Bernier M, Bergemer A M, Got C, Marsan C
Service d'Anatomie et de Cytologie Pathologiques, Hôpital A. Paré, Université Paris VI, Boulogne.
Arch Anat Cytol Pathol. 1998;46(3):184-7.
There have been several reports regarding the accuracy of the PAPNET system applied to the screening for cancerous and precancerous lesions. Based on neuronal networks, this computerized tool was initially trained to select atypical cells. It has been approved in the USA for the re-screening of cervical smears for quality assurance. However, its particular behaviour has not been frequently studied when the system is designed to detect frequent infectious organisms. We report the results of re-screening of 42 inflammatory cervico-uterine smears by the PAPNET system. The computerized images were reviewed by two different pathologists, with complete agreement between the two observers in 39 cases. Infectious organisms were detected in only 66% of cases. Trichomonas, mycoses and Gardnerella were diagnosed in 63%, 56% and 87% of cases respectively. No herpetic lesions were identified. The low accuracy of the PAPNET system in the diagnosis of infectious cervico-uterine smears should be taken into account if this system is developed as an exclusive pre-screening method.
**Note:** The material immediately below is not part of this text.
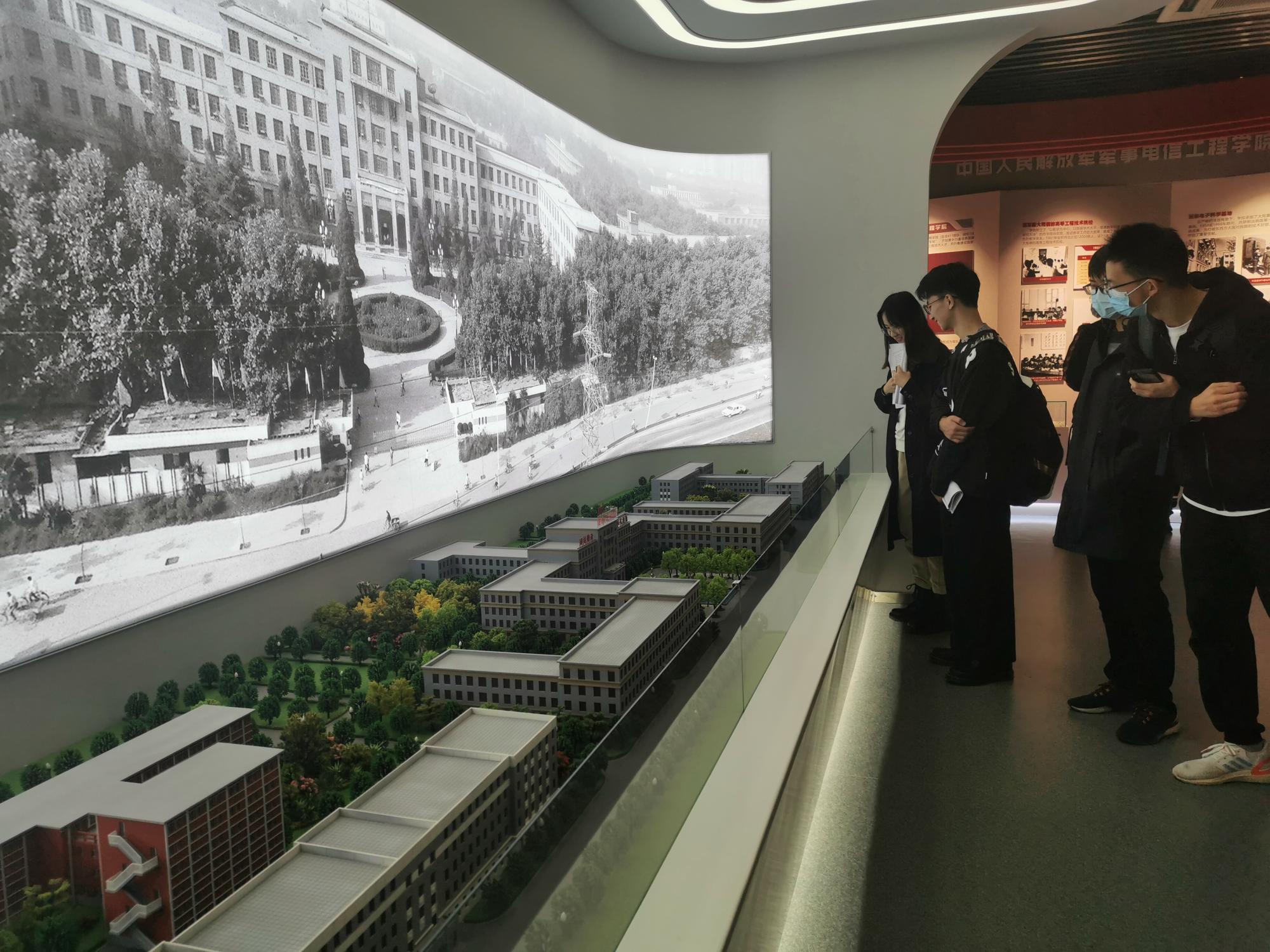 在“校史钩沉”板块,讲解员介绍了西电在长征路上的办学故事以及电影《永不消失的电波》主人公原型李白,让大家感受这些作品中融入的西电先辈们的坚定信念与无私付出。跟随讲解员的步伐,借助大量图片、历史档案资料,以及学校立体沙盘模型、窑洞复刻等,学生进一步了解了学校的发展变化,充分感受西电的光辉历史。
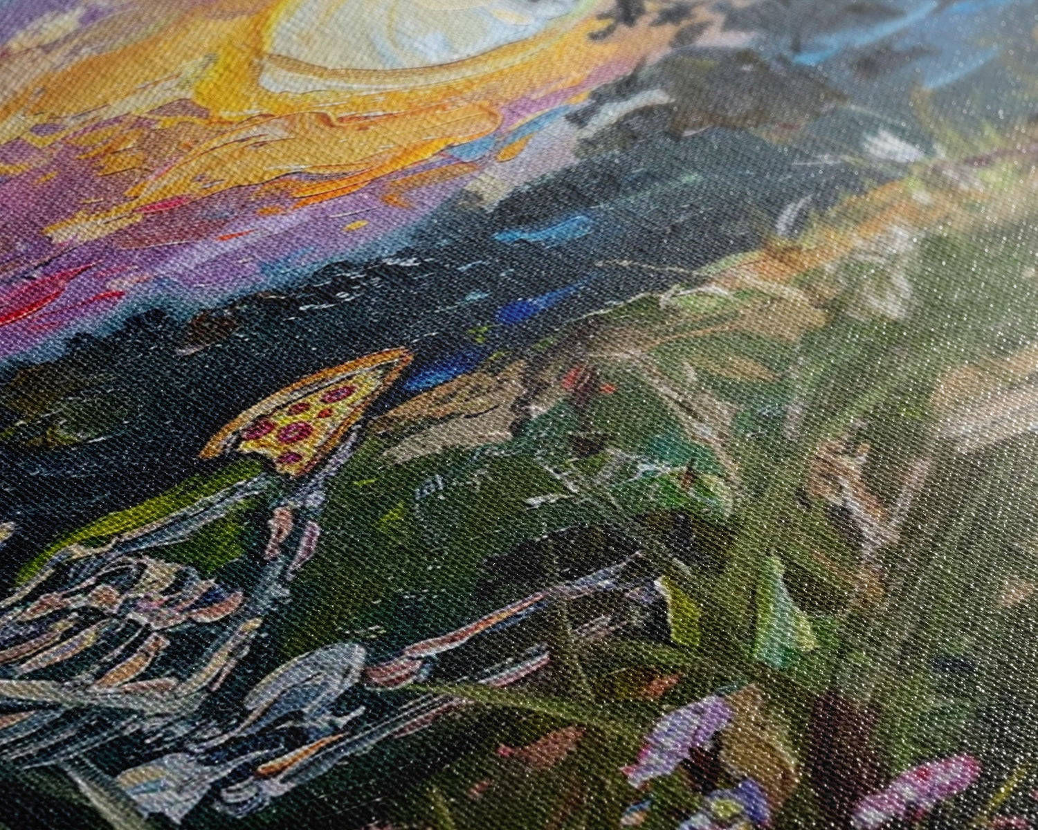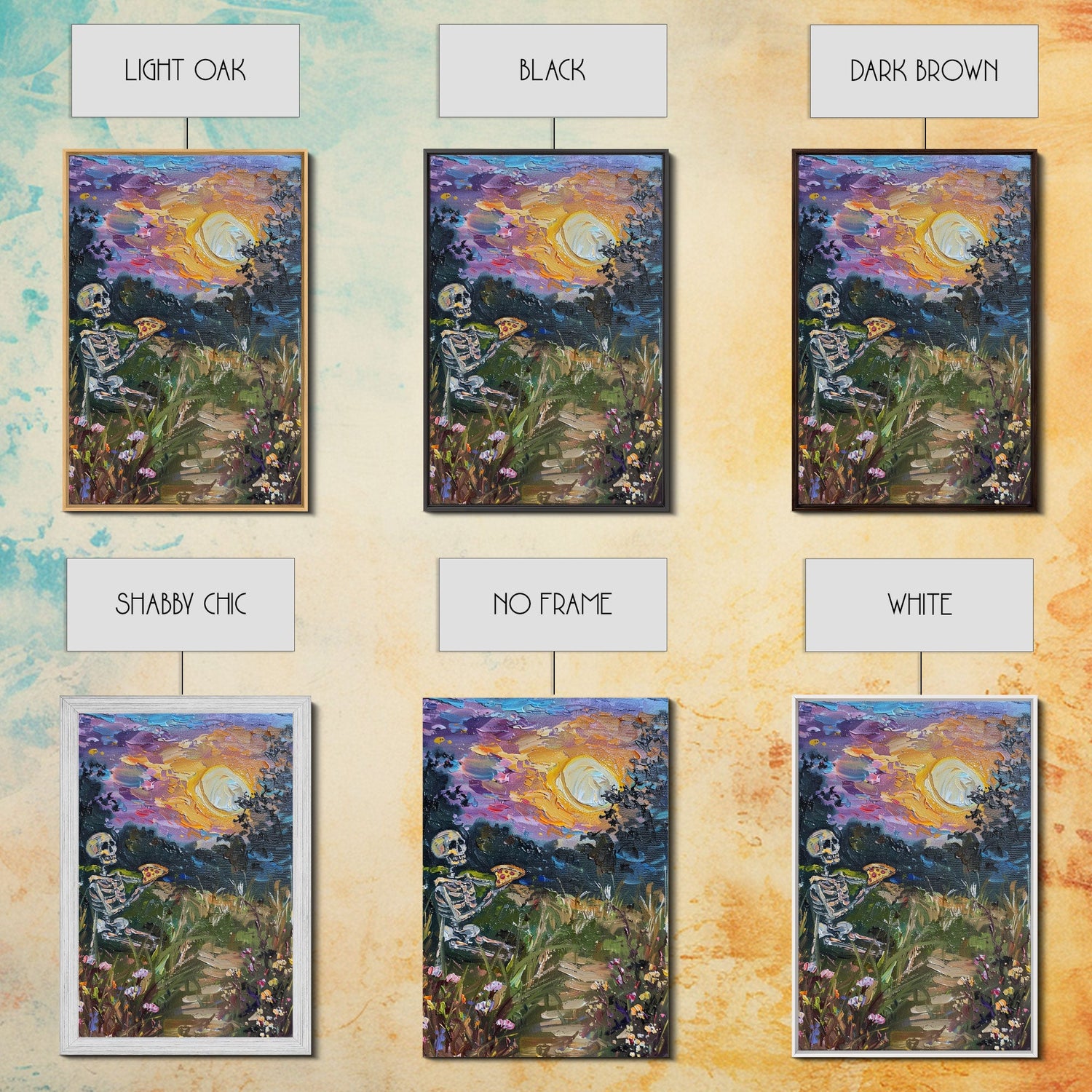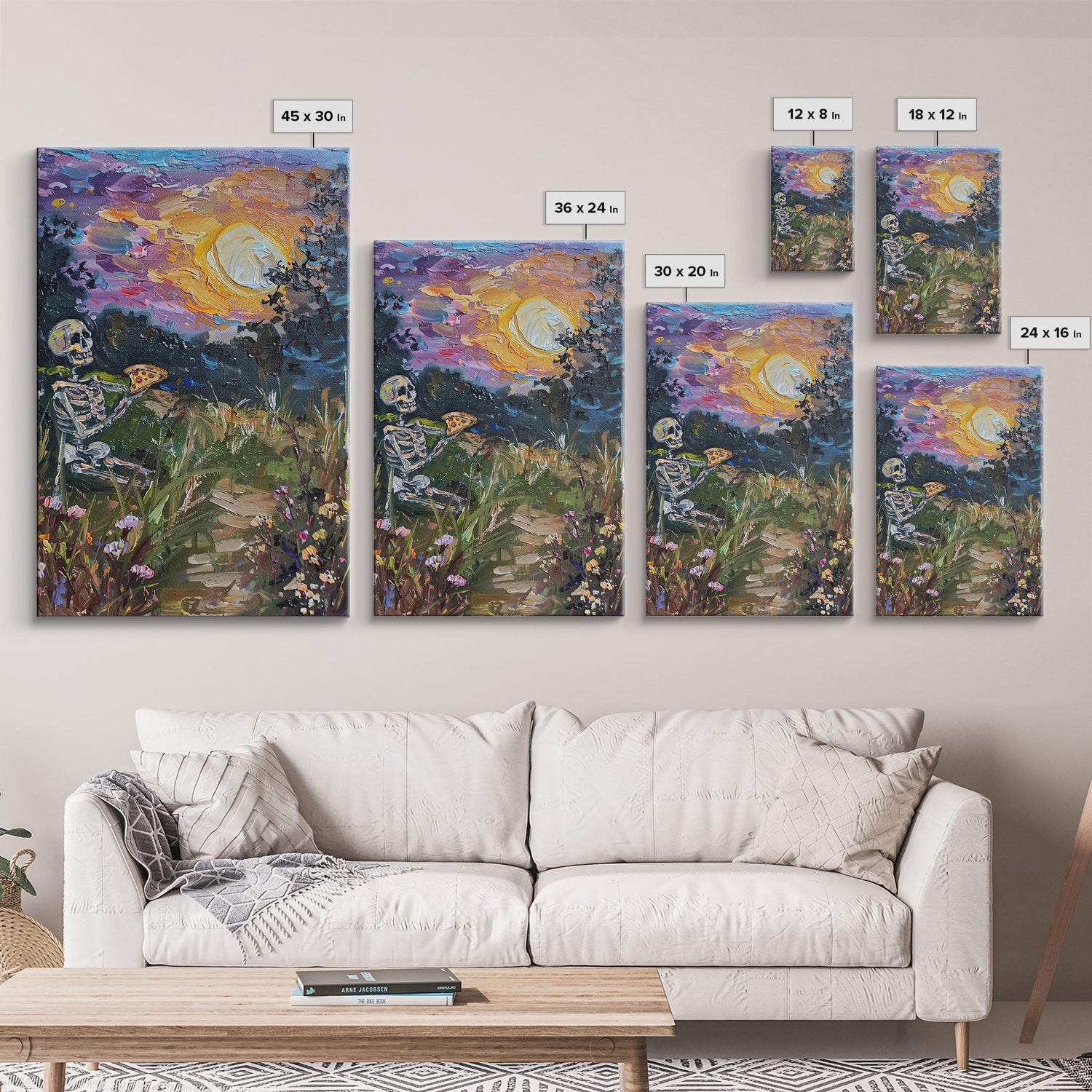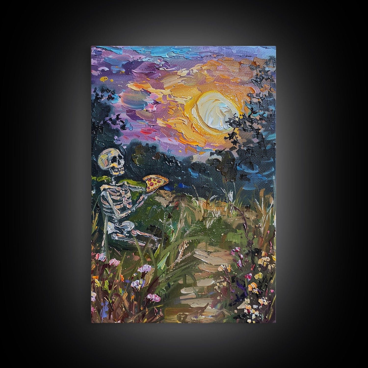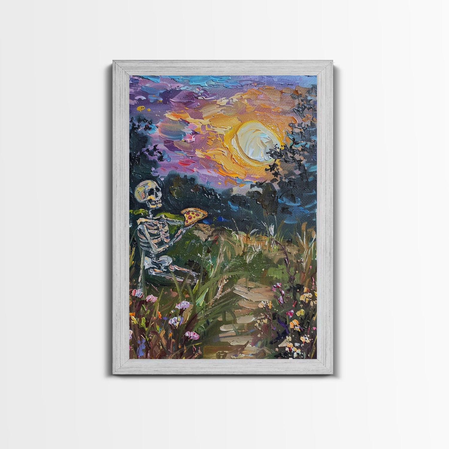 Graveyard Pizza Party Framed Canvas print, Skeleton Eating Pizza In a Cemetary Halloween Decor - 8x12 Inches / Gallery Wrap Canvas - Ready To Hang is backordered and will ship as soon as it is back in stock.

已有多篇关于PAPNET系统应用于癌性和癌前病变筛查准确性的报道。基于神经网络,这个计算机化工具最初被训练用于筛选非典型细胞。它在美国已被批准用于宫颈涂片的再次筛查以确保质量。然而,当该系统旨在检测常见感染性生物体时,其特定行为尚未得到充分研究。我们报告了PAPNET系统对42份炎性宫颈涂片进行再次筛查的结果。两位不同的病理学家对计算机化图像进行了评估,两位观察者在39例中完全一致。仅在66%的病例中检测到感染性生物体。滴虫、霉菌和加德纳菌分别在63%、56%和87%的病例中被诊断出来。未发现疱疹性病变。如果将该系统开发为唯一的预筛查方法,则应考虑PAPNET系统在诊断感染性宫颈涂片方面的低准确性。